Factors Influencing Ethical Decision-Making
Ethical choices in business are primarily driven by values and morals.
Unethical Marketing Practices
Marketing managers must navigate several common unethical practices, including:
- Entertainment and gift-giving
- False or misleading advertising
- Price deception
- Unsafe products or services
Generational Consumer Profiles
Tweens
Highly participative and connected via internet and mobile devices. They are achievement-oriented, active in social networking, and use the internet for self-expression and escapism.
Baby Boomers
Prioritize individual choice, community involvement, prosperity, ownership, self-actualization, and health and wellness.
Gen X
Value contribution, feedback, recognition, autonomy, and direct time with management.
Gen Y
Prioritize self-expression over self-control. They focus on personal branding, view violence as a communication tool, fear financial instability, and believe respect must be earned rather than granted by authority.
Boomerangs
Individuals in their late 20s to early 30s who return to live with parents. They are often financially tied to their parents, may lack a college degree, or are dissatisfied with current wages.
Corporate Ethics and Stakeholders
Stakeholders: Identifying parties affected by corporate actions, such as those involved with Southwest Airlines.
Ethics Training: Corporations implement training to help employees understand their critical role in maintaining company principles.

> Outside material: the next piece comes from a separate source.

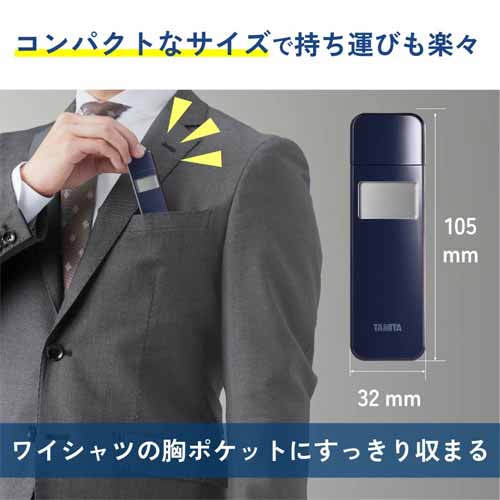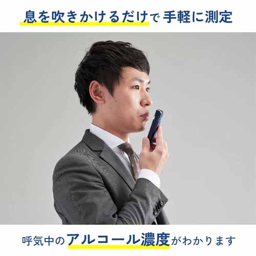 息を吹きかけるだけで、手軽に呼気中のアルコール濃度がチェックできます。ワンタッチ操作で測定でき、ワイシャツの胸ポケットにもすっきり収まるコンパクト&軽量デザイン。アルコール検知器協議会(J-BAC)認定機器です。

Strategic Business Concepts
Strategic Business Units (SBUs)
A profit center focusing on specific product offerings and market segments. SBUs maintain discrete marketing plans and competitive analyses despite being part of a larger entity.
Strategic Alliances
Agreements between independent organizations to pursue shared objectives. This cooperation exists between organic growth and mergers or acquisitions.
Synergistic Divisions
Two or more divisions collaborating to create an output greater than the sum of their individual efforts.